Material for this exercise:
# # # # #
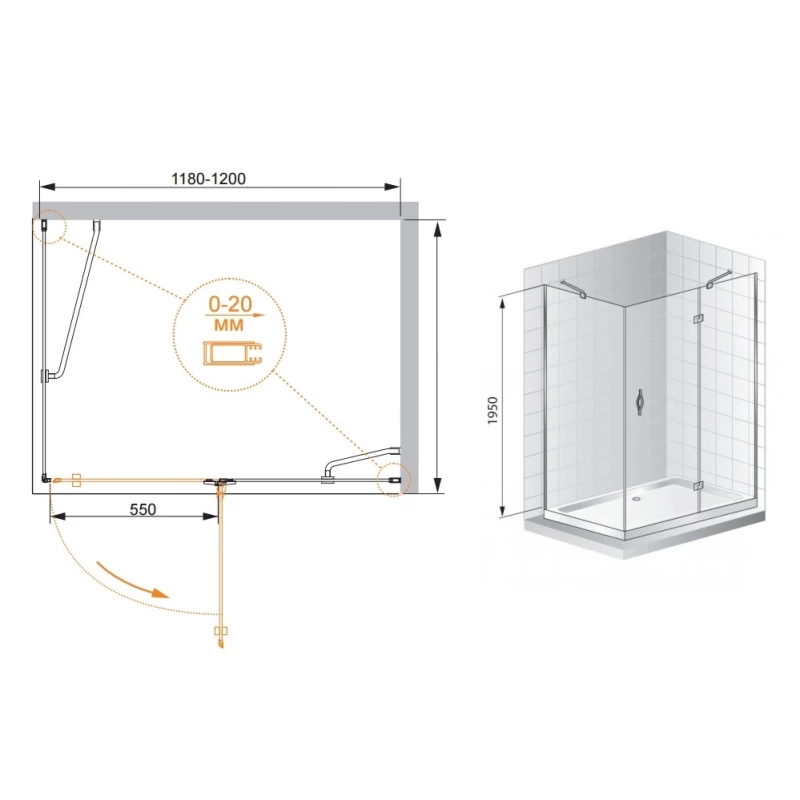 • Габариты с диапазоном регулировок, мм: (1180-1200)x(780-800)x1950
# # # # #
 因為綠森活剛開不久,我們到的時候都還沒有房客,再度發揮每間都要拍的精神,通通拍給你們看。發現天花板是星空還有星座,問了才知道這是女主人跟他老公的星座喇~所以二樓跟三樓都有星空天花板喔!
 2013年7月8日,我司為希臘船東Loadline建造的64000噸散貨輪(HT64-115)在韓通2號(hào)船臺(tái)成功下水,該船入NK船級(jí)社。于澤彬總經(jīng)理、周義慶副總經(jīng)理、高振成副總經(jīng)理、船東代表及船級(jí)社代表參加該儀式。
# # # # #
Exercise directions:
Of all the entries above, output exactly the lines between the one holding "因為綠森活剛開不久,我們到的" and the one holding "2013年7月8日,我司為希", inclusive.

Exercise solution:
 因為綠森活剛開不久,我們到的時候都還沒有房客,再度發揮每間都要拍的精神,通通拍給你們看。發現天花板是星空還有星座,問了才知道這是女主人跟他老公的星座喇~所以二樓跟三樓都有星空天花板喔!
 2013年7月8日,我司為希臘船東Loadline建造的64000噸散貨輪(HT64-115)在韓通2號(hào)船臺(tái)成功下水,該船入NK船級(jí)社。于澤彬總經(jīng)理、周義慶副總經(jīng)理、高振成副總經(jīng)理、船東代表及船級(jí)社代表參加該儀式。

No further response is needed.